As soon as he enters the tavern, the bouncer asks him take his hat off. Aleks stares. The man's mouth twitches with recognition and he shrugs his shoulders deferentially. His voice is way too high for a man of his size. ‘Sorry, mate. They're just the rules.'

‘Rules?' Aleks grimaces then takes his hat off. He pats the bouncer on the shoulder and for a second feels sick, really sick, as if he might faint. All this violence. For what? ‘No worries, brother. You gotta earn a living. I understand.'

He buys a beer and exchanges a fifty-dollar note for coins. He heads straight for the pokies, sits down and his face is lit by the lurid buttons. There are fluro pyramids floating on the screen and for a moment he wishes he were somewhere else. But where? He keeps drinking and there's something therapeutic about the rise and fall of his money in the poker machine. He is tapping the pokies with one finger. He stares at the
finger and slowly shakes his head. He takes a break to smoke outside and the stars are dizzying. The streets veer off in every direction, lined with the abstract shapes of buildings and bushes. He stares upwards for a long time, then says to himself aloud, ‘
Neznam
.'

I don't know.

He buys more cigarettes, withdraws more cash, drinks more schooners. It takes the edge off, but only slightly, like a headache tablet for a deep wound. There is an old man playing the pokies who looks like he has endured a lot of pain, or at least witnessed it. He seems at peace somehow but Aleks pities him nonetheless.

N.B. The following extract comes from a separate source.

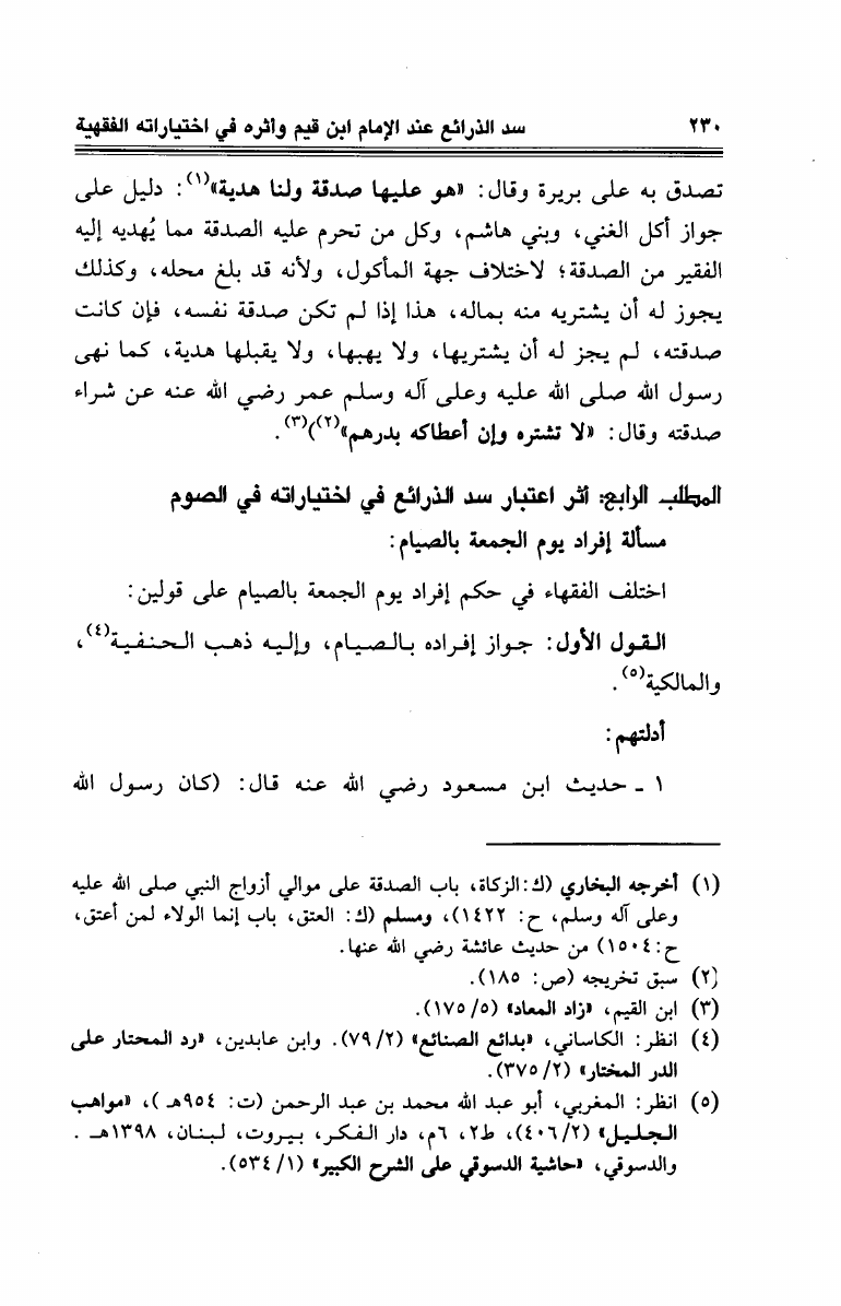 سد الذرائع عند الإمام ابن القيم وأثره في إختياراته الفقهية

Aleks rolls the bead in his other palm, the gold flecks demonic to him now. Yes, surely it is hell that lives within the bead, broken pieces of a gold mirror reflecting his private hell. He wishes he could split it between his thumb and forefinger like a nut and crush what is within. But he can't. It's too beautiful, too unbearably beautiful.

Some lads, all wearing high-vis work jackets, come in and one of them recognises him. They're drunk already and talking loudly. ‘Oi. It's Janeski,' says the youngest of them. Aleks hasn't seen this halfwit in a long time.

‘Aleks!
Kako si
?'

‘
Dobar
,
brat
.'

‘
Kay si be
?'

‘
Eve be
.' Aleks tries to smile. Once, when both were on holiday in Ohrid from Australia, Aleks scored some Albanian coke for him so that he and his dumb cunt mates weren't beaten senseless looking for it. The younger fella, it seems, wants to pay back the favour.

‘
Zhimi maika brat,
I swear to God, bro, I swear on my mum's life, nah nah nah, I swear on
your
mum's life. We could invest in a whole kilo. Pure white.' The boys laugh.

Aleks, even in his drunken state, stares at the lad as if witnessing a thrown boxing match where the loser is unintentionally but fatally injured. ‘I don't know what you're talking about, champ. I think you got the wrong bloke.'

‘Oh . . . yeah.' The bravado instantly gone. ‘Sorry, Janeski. Sorry.' For
a moment there's nothing but the bleep of poker machines, then Aleks looks at him.